Lavandula Angustifolia

 

Weitere Namen:

  • Fander
  • Hirnkraut
  • Nervenkräutlein
  • Schwindelkraut
  • Spiket
  • Zitterblümchen

 

Schon bei den Römern war eine Verwandte des als "Echter Lavendels" bezeichneten Halbstrauchs bekannt, dessen Bezeichnung "lavare" (waschen) die Grundlage für seinen heutigen Gattungsnamen bildet. Sowohl die Griechen als auch die Römer nutzten die Eigenschaften der Pflanze in Badezusätzen und als Waschwasser. Auch bei Hildegard von Bingen finden sich Aufzeichnungen aus dem 12. Jahrhundert nach Christus über die Heilkräfte des Lavendels. Traditionell wurde und wird der Lavendel seines Duftes wegen eingesetzt. Die Duftintensität überdeckte in der Renaissance sogar die ätzenden Gerüche der Gerberviertel, weshalb die französischen Feingerber den Duft der Blüten zum Aromatisieren des Leders einsetzten.

Die Pflanze gehört zur Gattung Lamiaceae (Lippenblütengewächse). Die Pflanze hat einfache grüne Stängel, mit kleinen, schmalen, lanzenförmigen Blättern, die in der charakteristischen Blütenkrone mündet. Die violetten Blüten dominieren die Erscheinung völlig. Sie erreicht eine Höhe von 55 - 60 Zentimetern.

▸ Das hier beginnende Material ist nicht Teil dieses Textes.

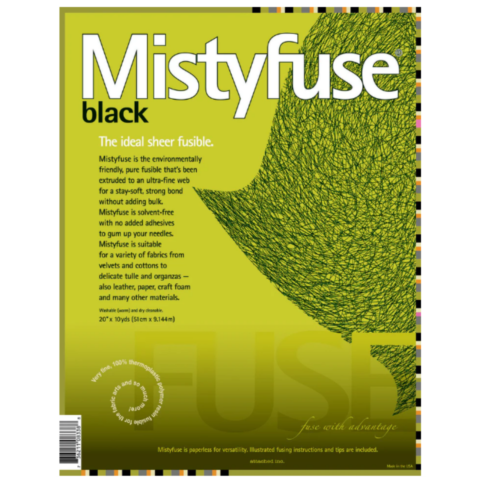 Sheer fusible that creates a lasting bond without bulk - won't gum up needles. Suitable for most fabrics, from velvets & cottons to delicate tulle misty fuse. Black 20in x 10yd
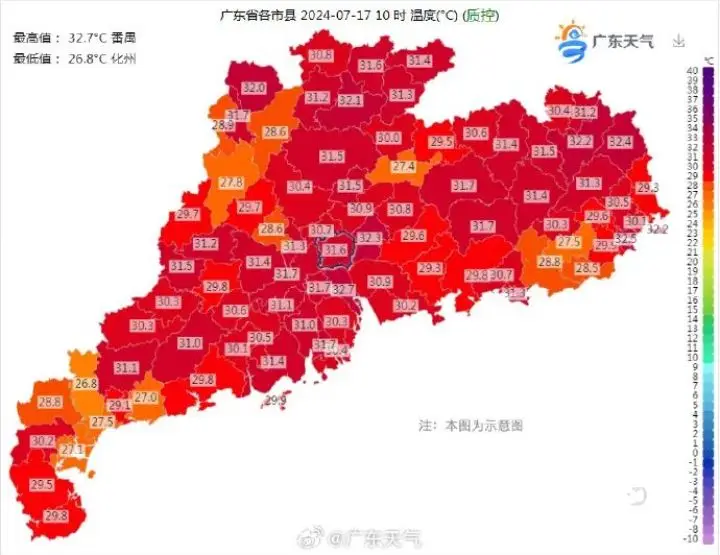 廣東最高氣溫32.7℃

Besonders in der französischen und arabischen Küche findet der Lavendel Einsatz. In Süßspeisen, Limonaden, Chutneys, aber auch Fleischgerichten und Eintöpfen. Das Kraut ist auch Bestandteil der berühmten, französischen Kräuter der Provence. Aber auch für Liköre und andere Alkoholika wird es eingesetzt. Verwendet werden vor allem die Blätter in deftigen und die Blüten in süßen Rezepturen. Aber der Geschmack ist sehr intensiv und somit sollte Lavendel nur sparsam eingesetzt werden.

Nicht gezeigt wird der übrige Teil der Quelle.